Saskatchewan WTF v. WTF Tae Kwon Do, 2011 ONSC 4982 contains useful analysis dealing when an application must proceed as with a trial of issues or as an action:

[25]    Applications brought pursuant to Rule 14.05 are generally brought when there is no matter in dispute and when the issues to be determined do not go beyond interpretation of a document.  When issues of credibility arise, the matter should proceed as an action.

[26]        Affidavit evidence on applications is properly confined to statements of fact within the personal knowledge of the deponent or to other evidence that the deponent could offer if testifying as a witness in court.  Non-contentious facts may be included in affidavits based on information and belief only.
...
[30]        Although the applicant seeks an order of the court directing TKD Canada to call, hold and conduct an annual members meeting to elect directors under section 106 of the Canada Corporations Act, before any such order of this type could be made, the court must make a number of factual findings and legal determinations.
...

[32]        The respondent relies upon Collins v.

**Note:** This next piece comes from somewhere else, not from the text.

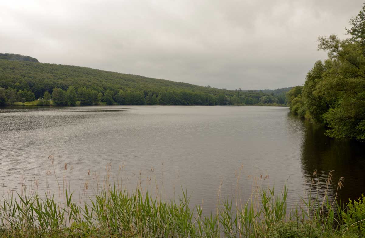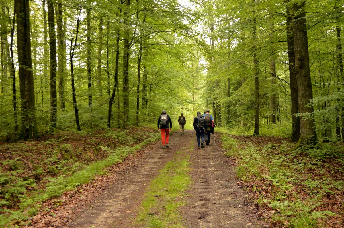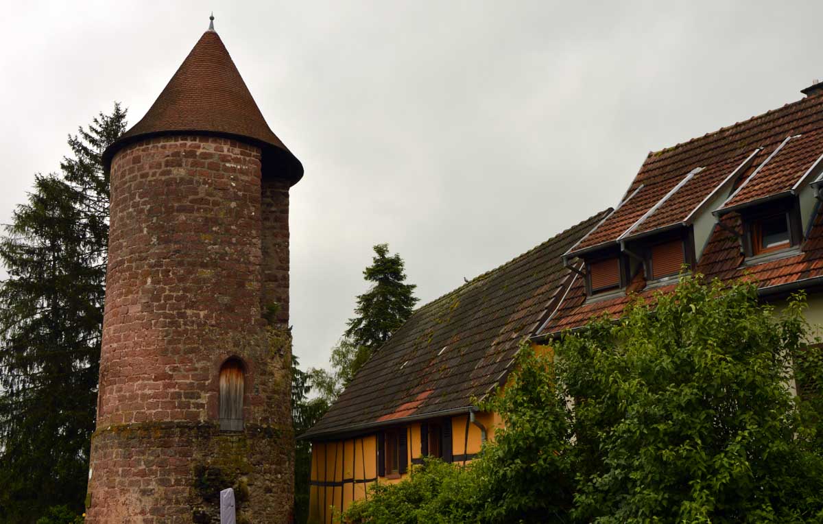 Donc nous voici à Reichshoffen, devant le château De Dietrich. Pour changer, c’est pas une ruine. Et direction la chapelle de Wolfahrtshoffen qui a failli devenir une ruine après l’incendie de novembre 2023. Elément rassurant : le toit est protégé et la reconstruction entamée. Wolfahrtschose, c’est aussi le nom de l’étang que nous longeâmes, courageux, un peu en mode amphibie. Un peu plus, je me transformais en grenouille et je coassais dans l’eau, ne sachant plus si je marchais sur le sentier ou si je nageais dans l’étang. Enfin moi je préfère quand même voir des étangs qui débordent, que des lacs à demi asséchés durant les sécheresses sèches et archi sèches.

Canada (Attorney General), [2005] O.J. No. 2317 (ON S.C.) in which the court held that the following factors must be considered in determining whether an application should proceed as an action:

(1)    whether there are material facts in dispute;
(2)    the presence of complex issues requiring expert evidence and a weighing of the evidence;
(3)    whether there is a need for the exchange of pleadings and for discoveries; and
(4)    the importance and impact of the application and of the relief sought.
 
[33]        It has also been held that it is beyond the proper role of an application judge to determine the credibility of the deponent and to resolve material facts in dispute: Newcastle Recycling Ltd. v. Clarington (Municipality), 2005 CanLII 46384 (ON CA), 2005 CanLII 46384 (ON C.A.).

[34]        In order to determine whether any relief is available to the applicant under section 106 of the Canada Corporations Act, it is necessary to make a number of findings of fact which will involve the weighing and assessing of the credibility of several witnesses as to various events that occurred in the period from July 2010 through to the meeting of November 24, 2010 where the present constitution was established.

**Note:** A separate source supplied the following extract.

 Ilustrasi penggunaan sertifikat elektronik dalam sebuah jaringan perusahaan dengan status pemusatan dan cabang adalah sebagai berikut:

[35]        In my view, there are numerous material facts in dispute which arise from a very voluminous and conflicting evidentiary record.  The issues are complex and require oral testimony with full cross-examination so that they may be properly weighed and assessed.  There are not simply legal interpretation disputes present but rather, for example, disputes as to who actually was in attendance at particular meetings and whether or not their attendance was required to establish a proper quorum for the conduct of the meeting.  In my view, these kinds of complex factual and legal disputes cannot be properly determined on a summary basis on conflicting affidavits.